Ticks are haematophagous ectoparasites of vertebrate animals worldwide. There are 2 main tick families Ixodidae (hard ticks), which possesses a sclerotized hard shield called scutum, and Argasidae (soft ticks), which lacks scutum (Anderson and Magnarelli, 2008). Both types of ticks are found worldwide, but the presence of a specific tick species in a given location is dependent on factors such as temperature, humidity, vegetation, altitude and the availability of reservoir hosts (Jongejan and Uilenberg, 2004; Estrada-Pena et al., 2012). Ticks have significant impacts on human and animal health because they transmit pathogens that cause Lyme disease, anaplasmosis, babesiosis, ehrlichiosis, theileriosis, tick-borne encephalitis, Rocky Mountain spotted fever and many other diseases (Jongejan and Uilenberg, 2004; Piesman and Eisen, 2008; Petersen et al., 2009; Dantas-Torres et al., 2012; Sonenshine, 2018). Additionally, tick infestations cause considerable blood loss, allergic reactions and tick paralysis that could be fatal (Sonenshine and Roe, 2014). Tick control is generally based on the use of chemical acaricides; however, the frequent and incorrect use of acaricides has resulted in acaricide-resistant ticks and contamination of animal products and the environment (Jongejan and Uilenberg, 2004; Obaid et al., 2022; Johnson, 2023). As an alternative, an integrated approach that involves the use of tick vaccines, administration of synthetic and plant-based acaricides to animals and the continuous surveillance and management of drug resistance in tick and host populations has been advocated (de La Fuente et al., 2015).

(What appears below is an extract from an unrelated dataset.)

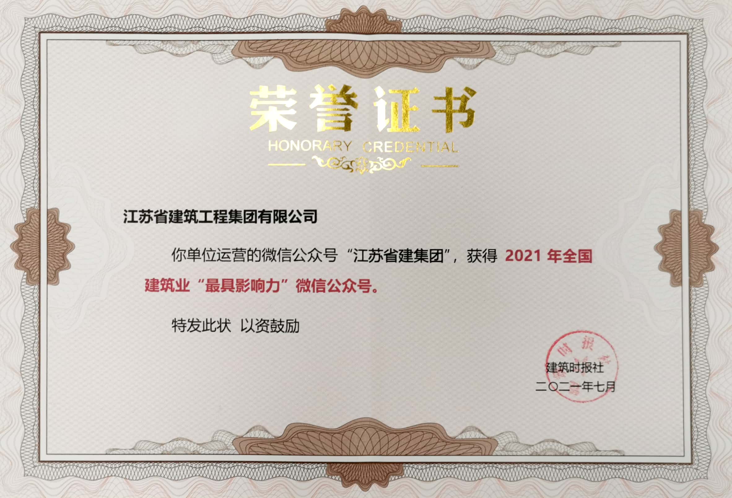 迭代傳播方式,賦能品牌價(jià)值。近日,全國(guó)建筑業(yè)2021年微信公眾號(hào)運(yùn)維經(jīng)驗(yàn)交流研討會(huì)暨優(yōu)秀公眾號(hào)頒獎(jiǎng)典禮在揚(yáng)州召開(kāi)。集團(tuán)微信公眾號(hào)“江蘇省建”蟬聯(lián)全國(guó)建筑業(yè)“最具影響力”公眾號(hào)。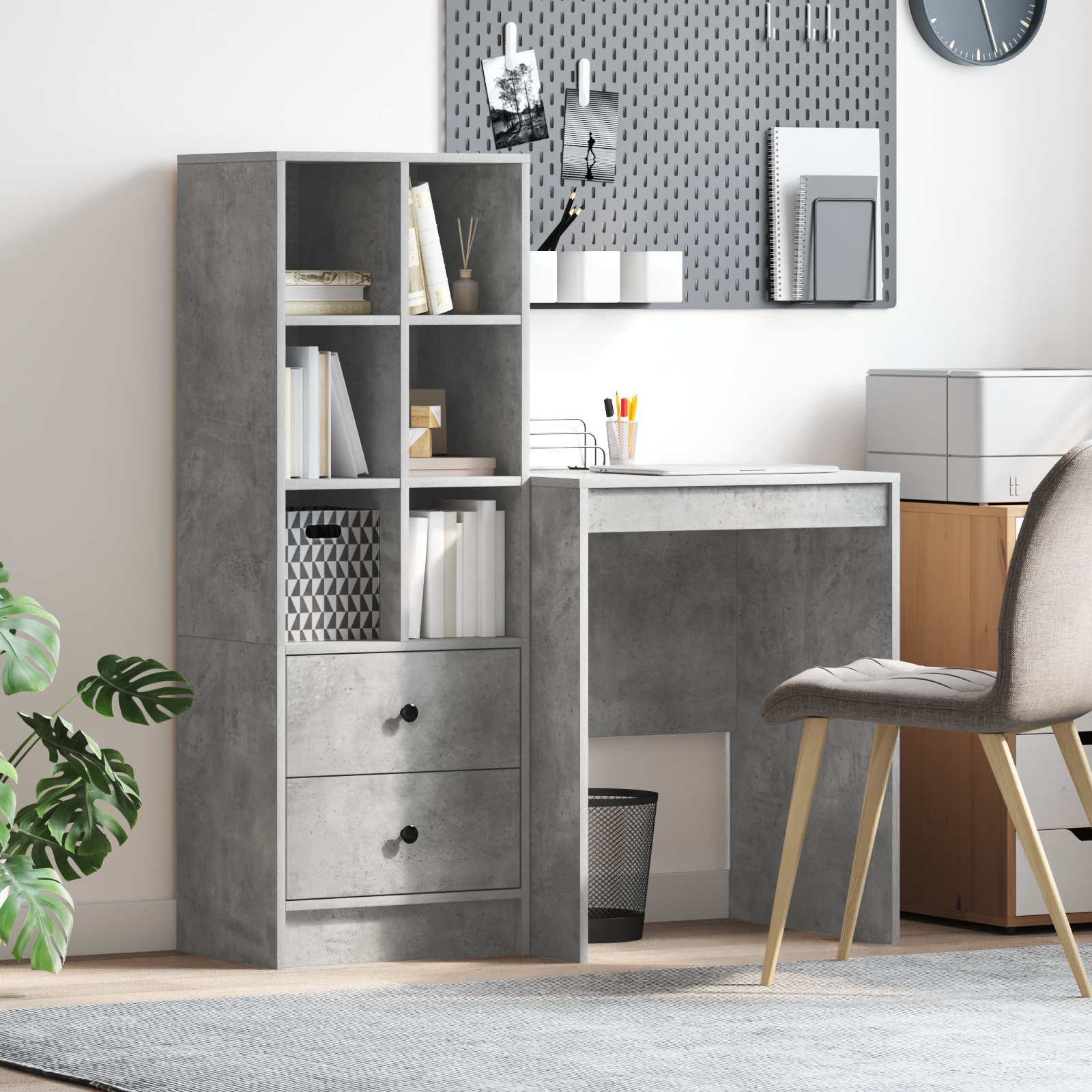 Birou cu spațiu de depozitare cu sertar 2 pcs Gri din beton

Another potential approach to tick control is the use of ‘anti-microbiota vaccines’ that disrupt the functions of bacteria that enhance tick physiology and fitness (Mateos-Hernández et al., 2020, 2021). Unlike extracellular bacteria found transiently on tick surfaces or midgut, a few lineages of intracellular bacteria have established long-term relationships with ticks. Loss of these so-called endosymbionts reduced tick reproductive success, indicating the potential to target them to control the spread of ticks. For this approach to be successful, a clear understanding of how bacteria promote critical processes in ticks is necessary. With this aim in mind, here we review currently available information that supports beneficial roles for tick endosymbionts.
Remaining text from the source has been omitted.